Here lies the real danger of taking over all these banks so nonchalantly.

I suspect that some hedge funds have already spotted this Achilles Heel and are now testing the trade.

(Although a US hedge fund told me last weekend he was targeting the default risk in five other countries in Europe — and the EIB —  but not British debt because he thought that the UK’s role as a military power and a permanent UN Security Council member provided an extra shield, ie the global order has too much political investment in Britain to let it happen. I have no idea whether this is a good judgement, but I pass it on)

By the way, my colleague Yvette Essen showed me the CDS data on some of the US states.
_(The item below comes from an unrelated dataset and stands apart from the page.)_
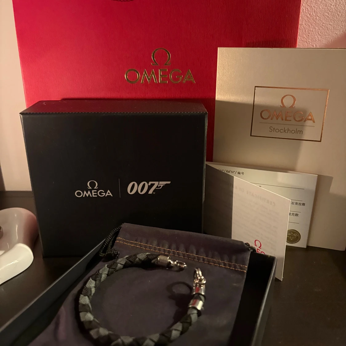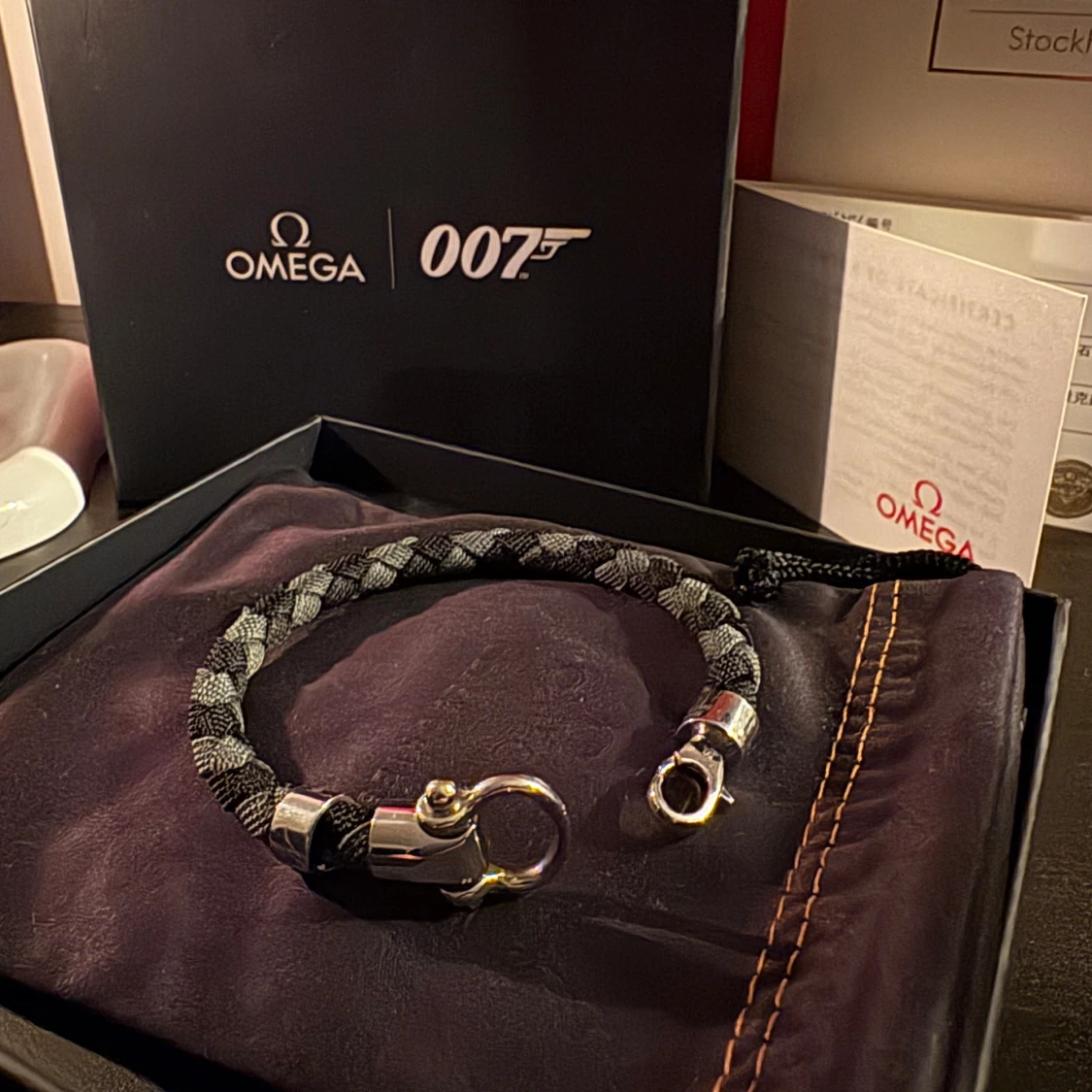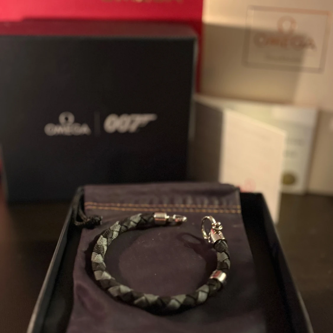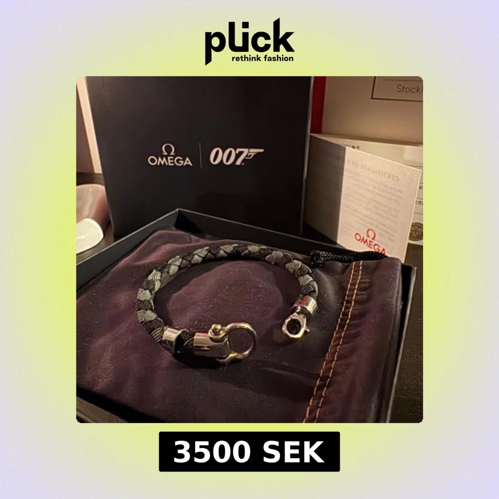 Exklusivt Omega 007 armband med flätad design i svart och grått. Snygga silverfärgade metalldetaljer och robust lås. Kommer i originalförpackning med Omega och 007-logga, perfekt för dig som gillar James Bond och stilrena accessoarer.
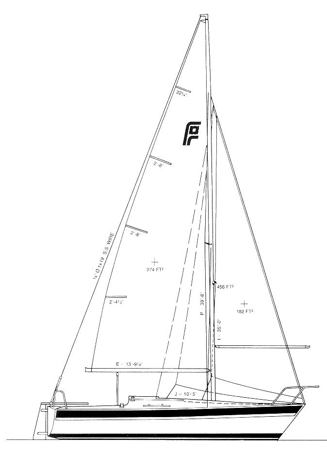 Designer Shaw Main Area 273 Hull Speed 6.70 Model # 68 For Tri 182 SA/D 21.5 First Year 1981 I 35.0 D/L 178 Last Year 1983 J 10.4 BR 43% LOA 29.9 P 39.5 L/B 2.70 LWL 25.0 E 13.8 LWL /B 2.26 Beam 11.1 Eng D OR 16% Disp 6,235 CSF 2.41 Draft 5.8 MCR 14.7 Sail Area 456 M/F 1.50 Ballast 2,700 PHRF 144Info on Design Ratios

These are quite revealing too.

Michigan    192
California    165
Nevada       164
New Jersey 150
Ohio           104  

So, California is now priced as a greater bankruptcy risk than Slovakia 150.

One Response to “Bankruptcy update, Britain plus California”

  1. inthesenewtimes said

    “This is not a subject that I have seen discussed anywhere, but it is worth pondering.’
    The question of dollar positions is discussed by Willem Buiter:

    inthesenewtimes.com/2008/…
    sterling-crisis-or-are-we-in-one-already/

    I’m glad someone at last has raised the geopolitical aspect of this situation:

    “the UK’s role as a military power and a permanent UN Security Council member provided an extra shield, ie the global order has too much political investment in Britain to let it happen’
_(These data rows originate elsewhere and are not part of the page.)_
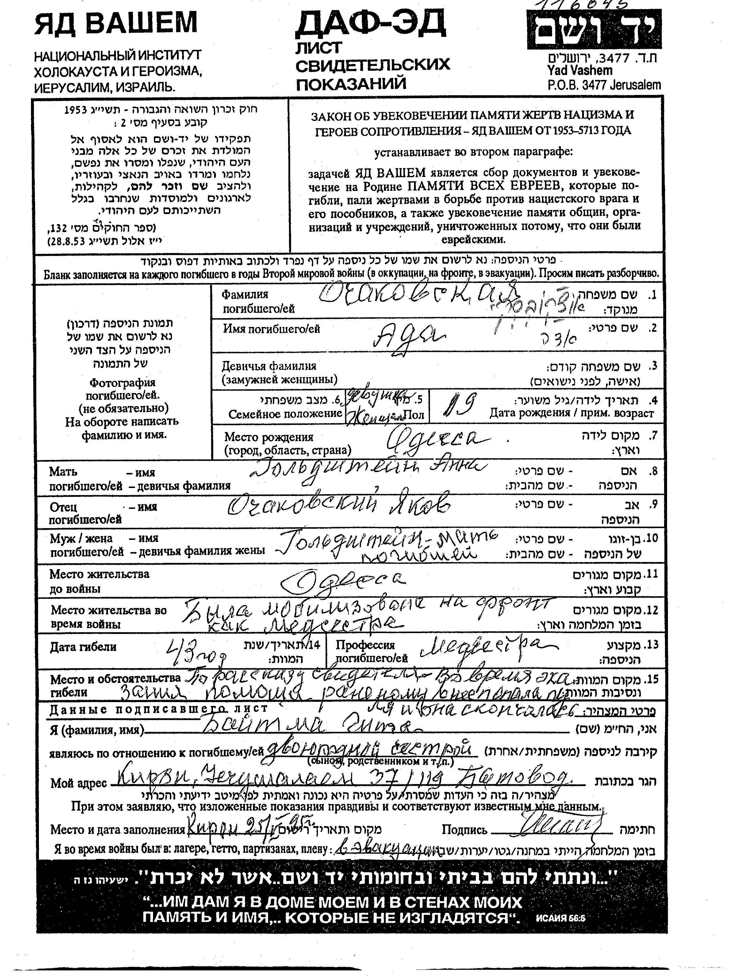 Search by last name of the submitter of the Page of Testimony, including diminutives or nicknames
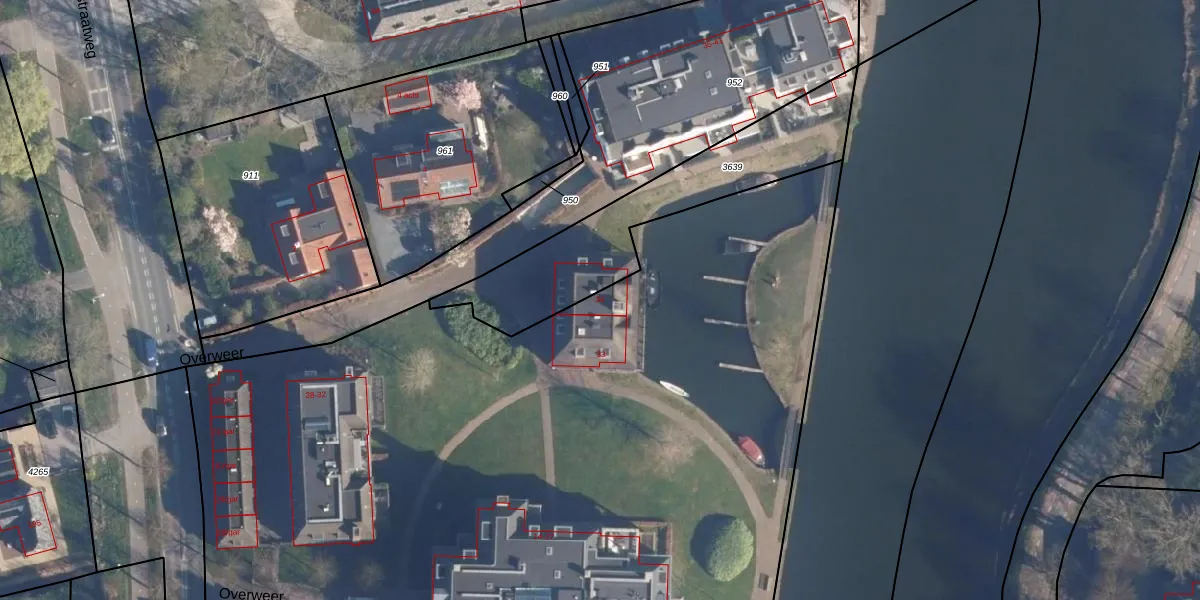 Het perceel waarop Overweer 34 staat heeft een oppervlakte van 1,0 ha. Dit is een zeer groot perceel. De perceeloppervlakte wordt geregistreerd door het Kadaster. Gedetailleerde informatie over de maten van dit perceel kunt u vinden in het rapport Kadastrale kaart met maatvoering van Overweer 34.
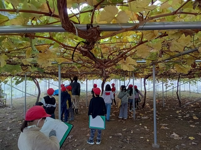 シャインマスカットのビニールハウスで作業の方法とかを教えてもらいました。シャインマスカットなどのブドウはとても雨に弱いそうです。

    Had the Iraq war been a success it would have strengthened the financial position of the US and the UK. But it has not been a success; nor has the Afghan war. The result is a negative effect on the pound/ dollar since other countries are looking around for alternative global leadership. The situation of the UK economy is, therefore, much worse than the statistics make out as I have argued for some time;

    http://www.endofempire.org/oped_...

    http://www.endofempire.org/oped_...

    In addition China, for example, no longer has any motive to buy into UK government debt as opposed to US government debt:

    inthesenewtimes.com/2008/…

    The markets are likely then to drive the pound down to a level at which they think it might enter the Euro. It would be as well to begin negotiating this now rather than wait until the markets force it upon us.